Action item: The exercise calls for exact output of the lines between the one that contains "Rich charm and" and the end of the data, with both ends kept and pictures left out.

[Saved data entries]
═══
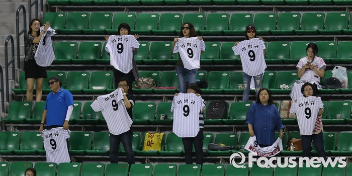 (서울=포커스뉴스) 24일 서울 잠실구장에서 열린 2016 프로야구 넥센-LG 경기에서 LG 이병규의 팬들이 외야 관중석에서 유니폼을 펼쳐 들고 응원하고 있다.
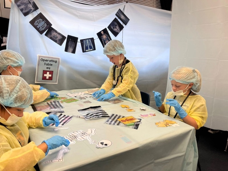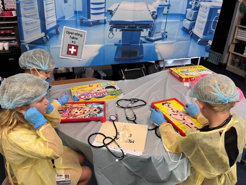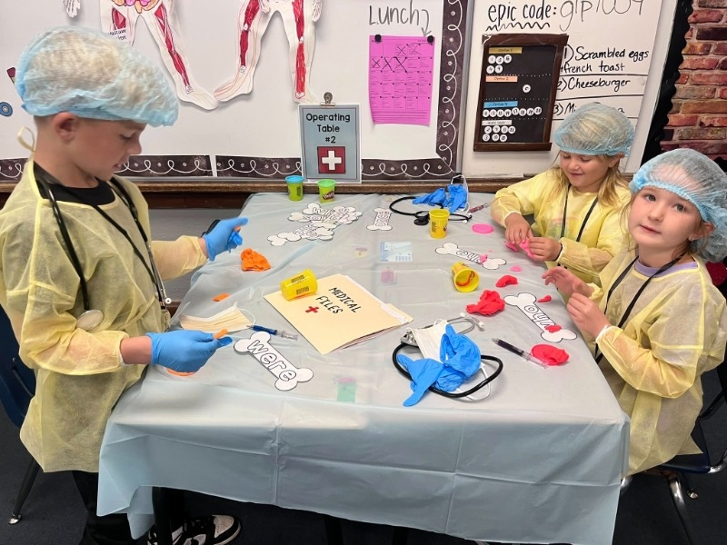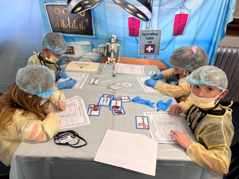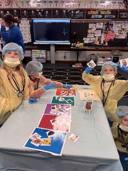 The last few weeks the first graders have been learning all about the human body. They learned about 5 systems (skeletal, muscular, circulatory, nervous, digestive), germs, 5 key ways to stay healthy, and the food pyramid. They ended their unit with “Doctor Day” to put what they learned into practice!
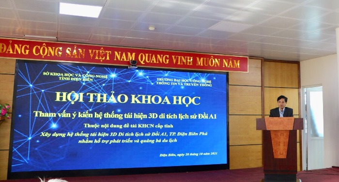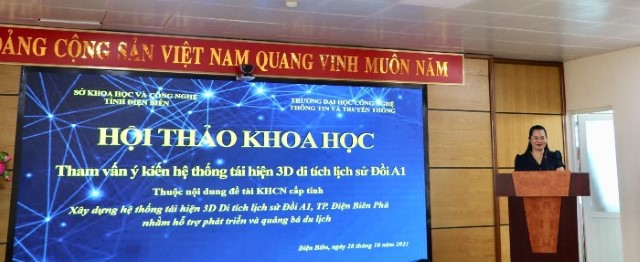 Phát biểu tại buổi Hội thảo, đồng chí Vũ Đức Thái giới thiệu về nội dung đề tài khoa học công nghệ “Xây dựng hệ thống tái hiện 3D Di tích lịch sử Đồi A1, thành phố Điện Biên Phủ nhằm hỗ trợ phát triển và quảng bá du lịch” với sự phát huy công nghệ mới nhất hiện nay, thành viên đề tài đã tích cực tham gia thực hiện đề tài và trình bày kết quả tại hội thảo.
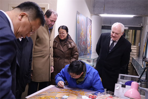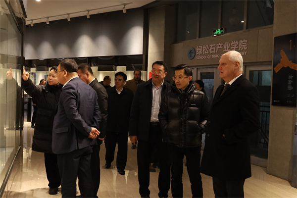 随后,外国专家一行走访了校园,实地考察了学校艺术设计学院及绿松石产业学院,就基地建设、实训内容及未来规划等进行现场交流。
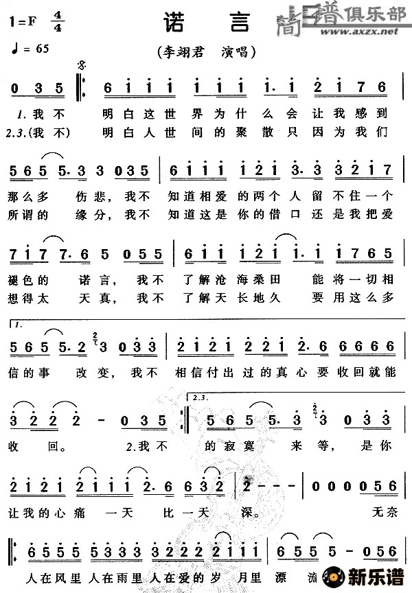 《诺言》简谱 李翊君
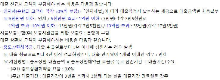 대출 부대비용 및 기타사항
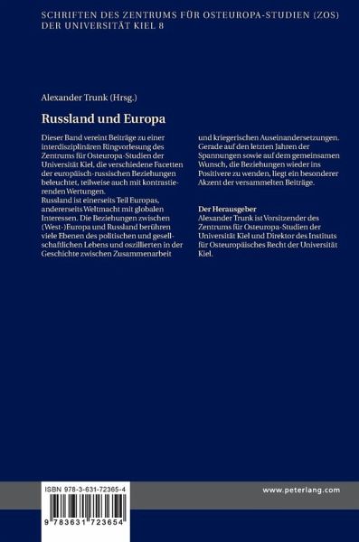 Dieser Band vereint Beiträge zu einer interdisziplinären Ringvorlesung des Zentrums für Osteuropa-Studien der Universität Kiel, die verschiedene Facetten der europäisch-russischen Beziehungen beleuchtet, teilweise auch mit kontrastierenden Wertungen.
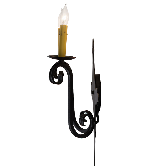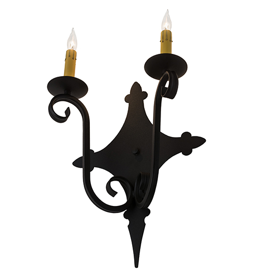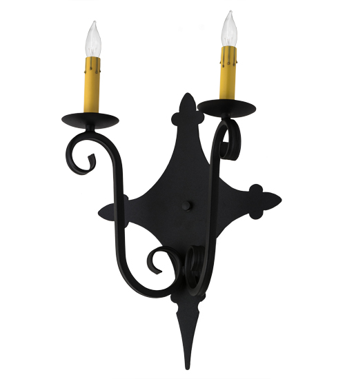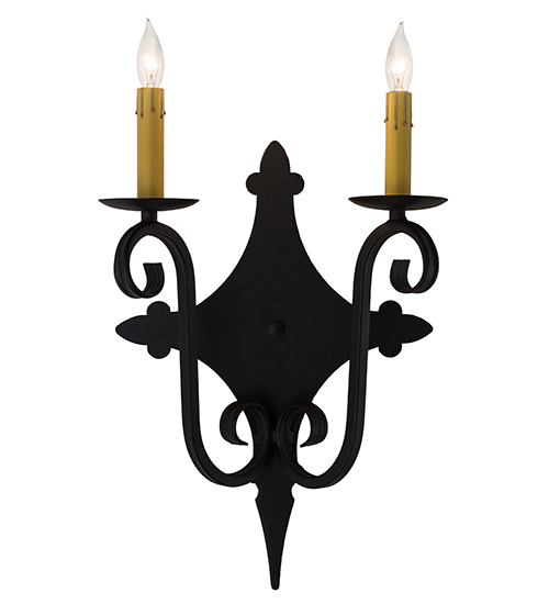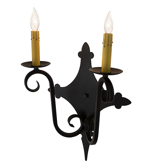 Rich charm and elegance come to light with Angelique, a wall sconce designed as a dramatic accent for a hallway, entryway or any other room. This enchanting wall fixture features two Ivory faux candlelights perched on bobeches with scrolled arms and hand forged Iron hardware featured in a Textured Black finish. Handcrafted in our 180,000 square foot manufacturing facility in Yorkville, New York. Custom colors, styles and sizes are available, as well as dimmable energy efficient lamping options such as LED. UL and cUL listed for damp and dry locations.
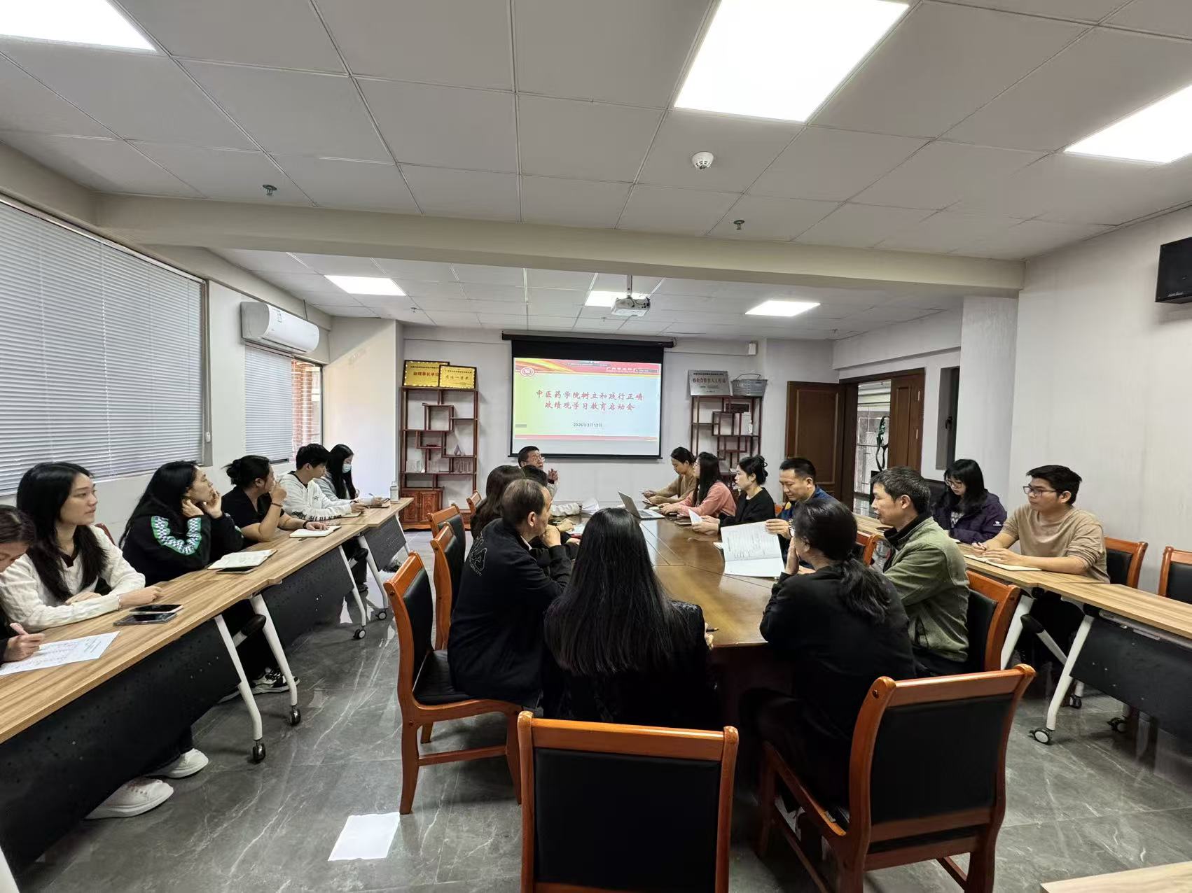 3月12日上午,中醫(yī)藥學(xué)院直屬黨支部在G1-212會(huì)議室召開樹立和踐行正確政績(jī)觀學(xué)習(xí)教育啟動(dòng)會(huì)。學(xué)院廣州校區(qū)教師黨員線下參會(huì),學(xué)生黨員及云浮校區(qū)教師黨員通過(guò)線上形式同步參會(huì),學(xué)院院長(zhǎng)王暉出席會(huì)議,會(huì)議由直屬黨支部書記曾祥彪主持。
═══
Exercise result:
 Rich charm and elegance come to light with Angelique, a wall sconce designed as a dramatic accent for a hallway, entryway or any other room. This enchanting wall fixture features two Ivory faux candlelights perched on bobeches with scrolled arms and hand forged Iron hardware featured in a Textured Black finish. Handcrafted in our 180,000 square foot manufacturing facility in Yorkville, New York. Custom colors, styles and sizes are available, as well as dimmable energy efficient lamping options such as LED. UL and cUL listed for damp and dry locations.
 3月12日上午,中醫(yī)藥學(xué)院直屬黨支部在G1-212會(huì)議室召開樹立和踐行正確政績(jī)觀學(xué)習(xí)教育啟動(dòng)會(huì)。學(xué)院廣州校區(qū)教師黨員線下參會(huì),學(xué)生黨員及云浮校區(qū)教師黨員通過(guò)線上形式同步參會(huì),學(xué)院院長(zhǎng)王暉出席會(huì)議,會(huì)議由直屬黨支部書記曾祥彪主持。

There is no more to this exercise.